Os discursos de ruptura construíram o ambiente hostil no qual a agressividade foi semeada por uns e tolerada por muitos mais (Foto: Dorivan Marinho) |
A Praça dos Três Poderes, em Brasília, é o coração da República no Brasil. Que Francisco Wanderley Luiz tenha detonado explosivos no local onde estão as sedes do Poder Judiciário, Congresso Nacional e Presidência da República é grave demais. Toda a linha sucessória do poder no País despacha dali. Até onde se sabe, a ação da noite de quarta-feira, 14, foi isolada. Mas, o episódio se conecta a vários outros recentes, a partir da mesma motivação.
Uma
sucessão de fatos isolados
Em
24 de dezembro de 2022, três bolsonaristas em espírito bem pouco natalino
planejaram o que poderia ter sido um dos mais graves atentados ocorridos no
Brasil desde a redemocratização. George Washington, Alan Diego dos Santos e o
cearense Wellington Macedo colocaram explosivo em caminhão de combustível perto
do aeroporto de Brasília.
No
dia 12 daquele mesmo dezembro, extremistas promoveram destruição em frente à
sede da Polícia Federal em Brasília.
E
houve o 8 de janeiro, um levante generalizado contra o resultado das urnas, o
mais amplo e patético gesto de inconformismo com uma derrota já registrado. São
muitos fatos isolados para não ver o fio nem pouco tênue entre eles.
Responsabilidades
e irresponsabilidades
A
responsabilidade criminal pelos atos é individualizada e específica. Mas a
responsabilidade política é indissociável da longa série de falas, atos e
manifestações que insuflaram a população contra instituições. As manifestações
foram irresponsáveis, incendiárias e como tal foram apontadas na época.
O
Supremo Tribunal Federal (STF) e o Tribunal Superior Eleitoral (TSE) foram os
alvos principais. Mas, o Congresso Nacional também foi visado. Sem falar do
presidente Lula, da primeira-dama Janja e muitos, muitos outros agentes
públicos. O próprio sistema eleitoral foi colocado em questão.
Os
discursos de ruptura construíram o ambiente hostil no qual a agressividade foi
semeada por uns e tolerada por muitos mais. A sequência é longa, mas houve
alguns particularmente graves. Em julho de 2021, o então presidente Jair
Bolsonaro (PL) cobrava “voto impresso e auditável”. Caso contrário, ele dizia:
“Dessa forma, corremos o risco de não termos eleições no ano que vem”.
Em
agosto do mesmo ano, ele fez ameaça a Alexandre de Moraes: “E a hora dele vai
chegar porque ele está jogando fora das quatro linhas da Constituição há muito
tempo.
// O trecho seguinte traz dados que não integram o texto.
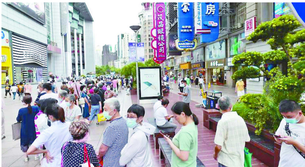
南京路步行街上购买月饼的队伍一眼望不到头
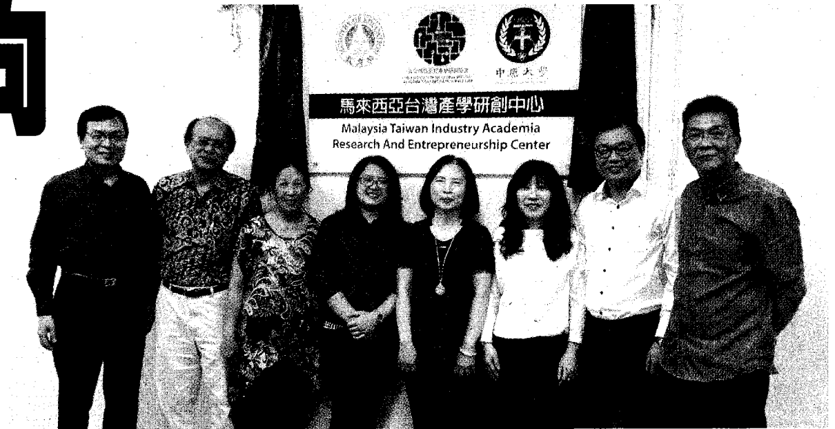
●馬來西亞台灣產學研創中心檳城辦公室，於2018年3月開幕。

今年9月，中原大學更獲科技部的厚愛與寄望，榮選為「國際產學聯盟」執行大學，於11月29日進行盛大啟動。現階段以「薄膜技術」及「智慧製造」兩大領域為主軸，以跨校院、跨產業、跨國際的產學研合作平台鏈結國際市場。目前已有多家國內外知

Eu não pretendo sair das quatro linhas para questionar essas
autoridades, mas acredito que o momento está chegando. Não dá para continuarmos
com um ministro, arbitrário, ditatorial, que não respeita a Constituição”.
Nas
vésperas da comemoração do 7 de setembro, Bolsonaro voltou ao tema: “O STF não
pode ser diferente do Poder Executivo ou Legislativo. Se tem alguém que ousa
continuar agindo fora das quatro linhas da Constituição, o poder tem que chamar
aquela pessoa e enquadrá-la. Se assim não ocorrer, qualquer um dos três
poderes... A tendência é acontecer uma ruptura”.
No
dia 7 de setembro, o ex-presidente voltou à carga: “Ou o chefe desse Poder
enquadra os seus ou esse Poder pode sofrer aquilo que não queremos. Porque nós
valorizamos e reconhecemos o Poder de cada República. Nós todos aqui na Praça
dos Três Poderes juramos respeitar a nossa Constituição. Quem age fora dela se
enquadra ou pede para sair”. Em maio de 2022, voltou a ameaçar: “O que é o
senhor Alexandre de Moraes? Ele quer o confronto? Uma ruptura?”
Quem
já ouviu o discurso bolsonarista sabe o quanto houve estímulo à hostilidade
contra Moraes em particular, contra o STF e contra as instituições de forma
geral. Não se mandava partir para a violência de forma direta, mas a fala em
ruptura é explícita e recorrente. Ali estava a semente dos acampamentos diante
dos quartéis, tolerados pelo governo Bolsonaro, onde Wanderley esteve e onde
nasceram o ataque à PF, o plano do caminhão-bomba e o 8 de janeiro.
Uma vez que se ateia fogo, a chama pode sair do controle. É indissociável a onda de agressões do discurso dos líderes. Há responsabilidade política e a manifestação anódina de Bolsonaro na quinta-feira, depois da cara de pau do artigo publicado nesta semana, não contribui para a pacificação.